▶ [YOUR ASSIGNMENT]
Your answer must be the full listing below, repeated exactly, with no pictures in it.

:: EXERCISE DATA ::

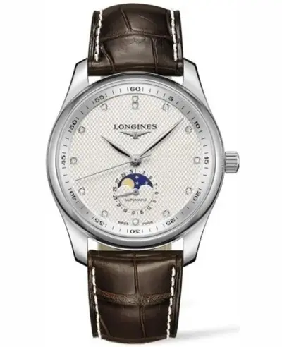 A men's automatic watch from the Longines Master Collection featuring a silver dial, diamond hour markers, and brown leather strap. The case is crafted in stainless steel, displaying key functions including an analog date display at the 6 o'clock position, moon phase indicator, power reserve indicator, hours, minutes, seconds hands, sapphire crystal with scratch resistance, round shape, 40mm diameter, transparent back, and water resistance up to 30 meters (100 feet). It features a mechanical automatic movement.
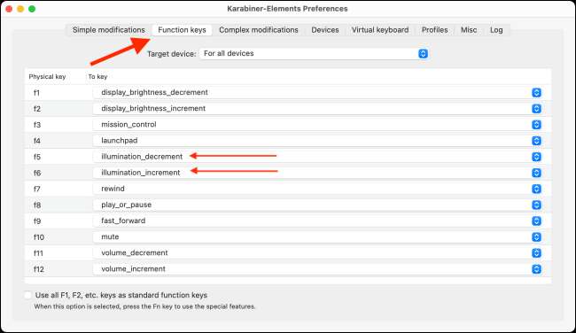 Wreszcie naciśnij klawisz F5, aby zmniejszyć jasność klawiatury i klawisza F6, aby go zwiększyć. Jeśli to nie zadziała od razu, zamknij i uruchom ponownie aplikację Karabinera Elements.
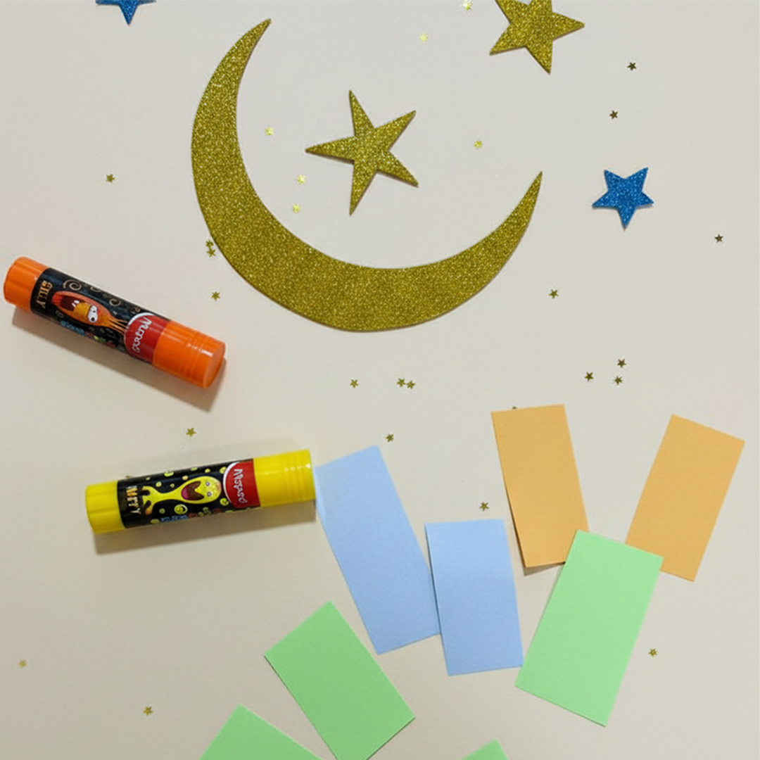 Final Result: A Ramadan lantern that is safe for children, perfect for decorating the home, the classroom or the iftar table, and easy to personalise with glitter, calligraphy or stickers to make it truly unique.
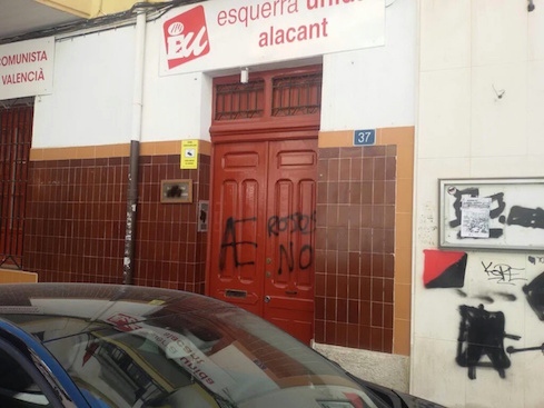 La sede de Esquerra Unida (EU) y del Partido Comunista del País Valenciano (PCPV) en Alicante ha amanecido hoy sábado con varias pintadas en su fachada.

:::

▶ [ANSWER]
 A men's automatic watch from the Longines Master Collection featuring a silver dial, diamond hour markers, and brown leather strap. The case is crafted in stainless steel, displaying key functions including an analog date display at the 6 o'clock position, moon phase indicator, power reserve indicator, hours, minutes, seconds hands, sapphire crystal with scratch resistance, round shape, 40mm diameter, transparent back, and water resistance up to 30 meters (100 feet). It features a mechanical automatic movement.
 Wreszcie naciśnij klawisz F5, aby zmniejszyć jasność klawiatury i klawisza F6, aby go zwiększyć. Jeśli to nie zadziała od razu, zamknij i uruchom ponownie aplikację Karabinera Elements.
 Final Result: A Ramadan lantern that is safe for children, perfect for decorating the home, the classroom or the iftar table, and easy to personalise with glitter, calligraphy or stickers to make it truly unique.
 La sede de Esquerra Unida (EU) y del Partido Comunista del País Valenciano (PCPV) en Alicante ha amanecido hoy sábado con varias pintadas en su fachada.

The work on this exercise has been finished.